Django querysets are amazing. We use them everyday, but rarely think
about the wonderful API they give us. Just some of the amazing
properties which queysets have

-  You can get a slice ``queryset[i:j]`` out of them, only the needed
   objects are pulled from DB.
-  You can lookup a specifc object ``queryset[i]``, only the required
   object is pulled from DB.
-  You can iterate over them, ``for user in users_queryset``, as if they
   were a list.
-  You can ``AND`` or ``OR`` them and they apply the criteria at the SQL
   level.
-  You can use them like a boolean,
   ``if users_queryset: users_queryset.update(first_name="Batman")``
-  You can pickle and unpickle them, even when the individual istances
   may not be.
-  You can get a useful representation of the queryset in python cli, or
   ipython. Even if the queryset consists of 1000s of records, only
   first 20 records will be printed and shown.

Querysets get all of these properties by implemnting the Python magic
methods, aka the dunder methods.

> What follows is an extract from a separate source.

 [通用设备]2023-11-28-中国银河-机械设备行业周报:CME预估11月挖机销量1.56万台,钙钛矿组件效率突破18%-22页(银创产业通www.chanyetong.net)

So why do you need these magic, dunder
methods? **Because they make the api much cleaned to use.**

It is more intutive to say,
``if users_queryset: users_queryset.do_something()`` than
``if users_queryset.as_boolean: users_queryset.do_something()``. It is
more intutive to say ``queryset_1 & queryset_2`` rather than
``queryse_1.do_and(queryset_2)``

Magic methods are metods implemented by classes which have a special
meaning to the Python interpretor. They always start with a ``__`` and
are sometimes called **dunder** method. (Dunder == double underscore).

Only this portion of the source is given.